Percentile is a relative measure. It tells you what percentage of test-takers you outperformed, not your absolute score. A 99 percentile means you scored higher than 99% of everyone who took CAT that year, regardless of what your raw score actually was.
Because percentile is calculated relative to the full pool of candidates, it’s designed to stay meaningful even as exam difficulty shifts from year to year. This is exactly why CAT relies on percentile rather than raw score for shortlisting it corrects for variations in paper difficulty and ensures a fairer comparison across the entire candidate pool.
How Score Converts to Percentile
CAT is conducted across multiple slots on the same day, and each slot can vary slightly in difficulty. To account for this, CAT uses a process called equipercentile equating, which normalizes scores across different slots before calculating percentiles. This means your percentile isn’t based purely on your raw score compared to everyone else’s raw score it’s adjusted first to account for which slot you were in and how that slot’s difficulty compared to others.
This is also why two candidates with the same raw score in different slots can end up with slightly different percentiles, and why your percentile can’t be predicted with complete precision until the actual scorecard is out.

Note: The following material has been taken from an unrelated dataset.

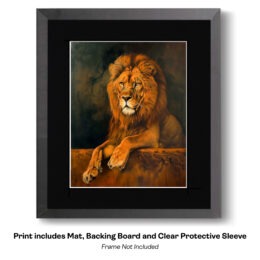 All prints have an acid-free matte with a cardboard backing board and are packaged in a clear protective bag.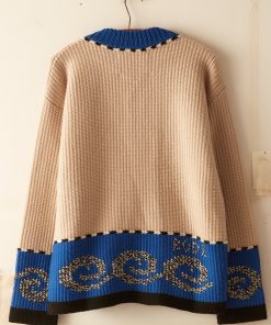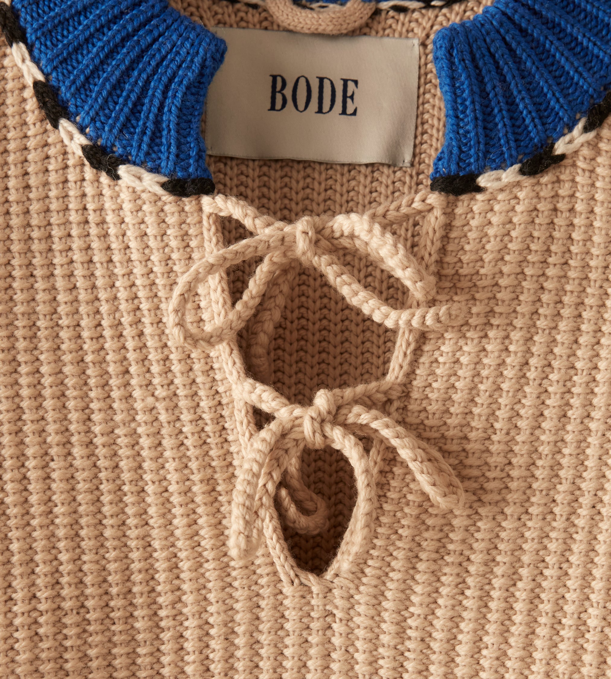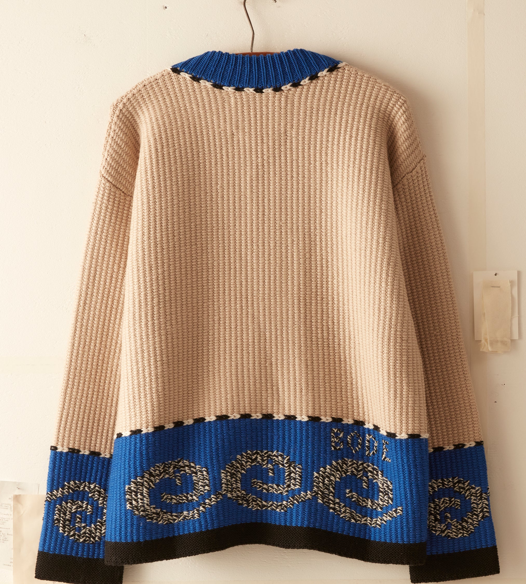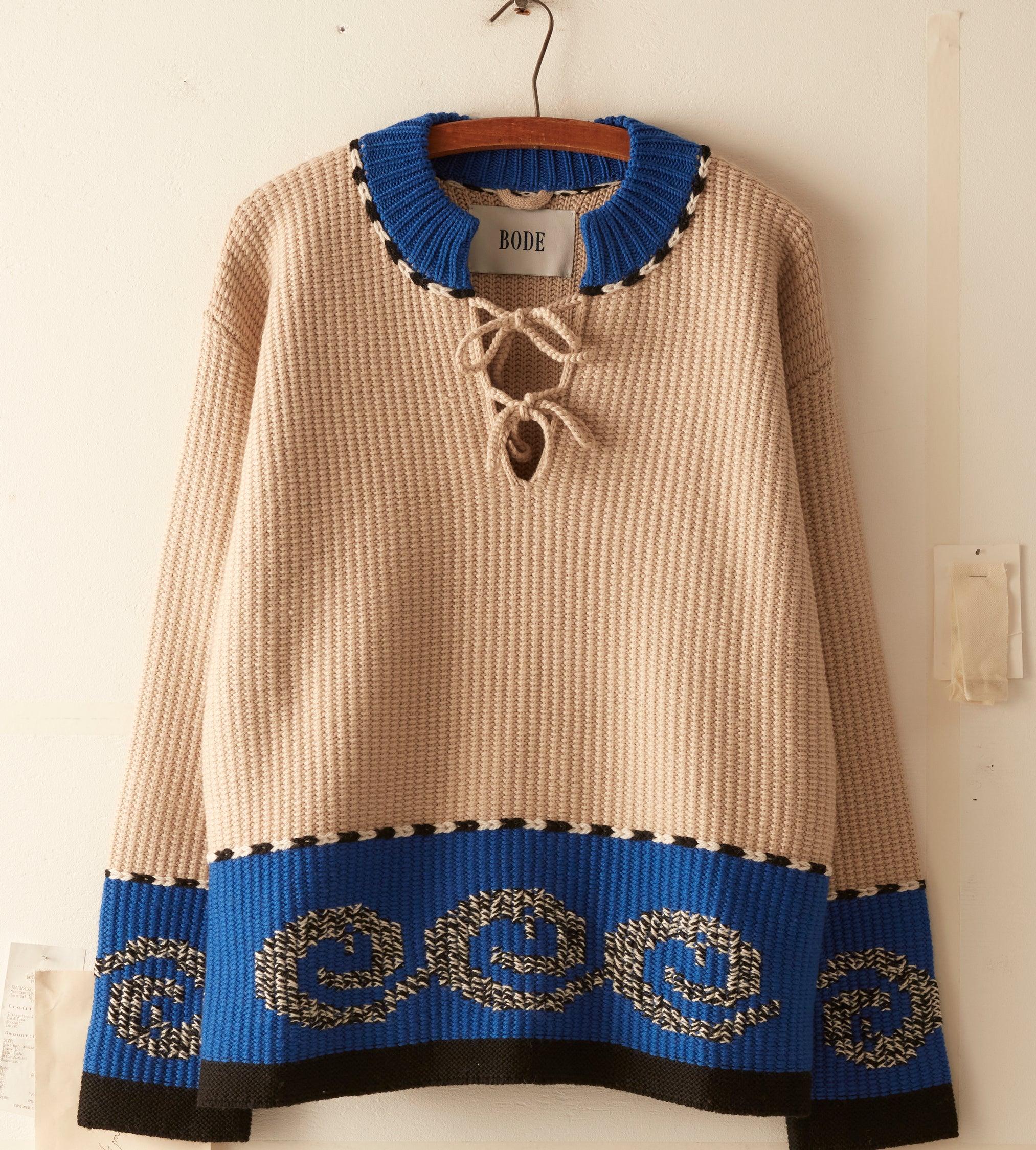 This sweater is inspired by a crochet blanket, circa 1850s-1870s. It features a faithful reproduction of the original motif reinterpreted as a knit with hand-embroidered details.

Why Percentile Matters More Than Score for Shortlisting
IIMs and other B-schools use percentile, not raw score, as the primary cutoff criterion during shortlisting. A 99 percentile candidate is guaranteed to be in the top 1% of that year’s applicant pool, which is a consistent, comparable benchmark something a fixed raw score cutoff couldn’t reliably provide given how much exam difficulty varies year to year.
This is also why sectional percentile matters as much as overall percentile. Most IIMs set separate cutoffs for VARC, DILR, and Quant percentiles individually, in addition to an overall percentile cutoff. A strong overall percentile pulled up by one exceptional section won’t help if you fall short of the sectional cutoff in another.
What This Means for Your Preparation
Since percentile is what ultimately determines your shortlist, chasing a specific raw score target is less useful than aiming for consistent, balanced performance across all three sections. A candidate who scores reasonably well across VARC, DILR, and Quant will often end up with a stronger overall percentile than one who scores exceptionally high in one section but weak in another, even if their raw scores are similar.
This is also why mock test percentiles, when compared against a large enough test-taker base, tend to be a more reliable indicator of your actual readiness than mock test raw scores alone.
Conclusion
Your CAT score is simply the raw number of marks you earn, while your percentile tells you how that score compares to everyone else who took the exam and it’s the percentile, not the score, that IIMs actually use for shortlisting. Because percentile accounts for exam difficulty and slot variation, it stays a fairer and more consistent measure year over year. Rather than fixating on a specific score target, aim for balanced, consistent performance across all three sections that’s what tends to produce a strong percentile in the end.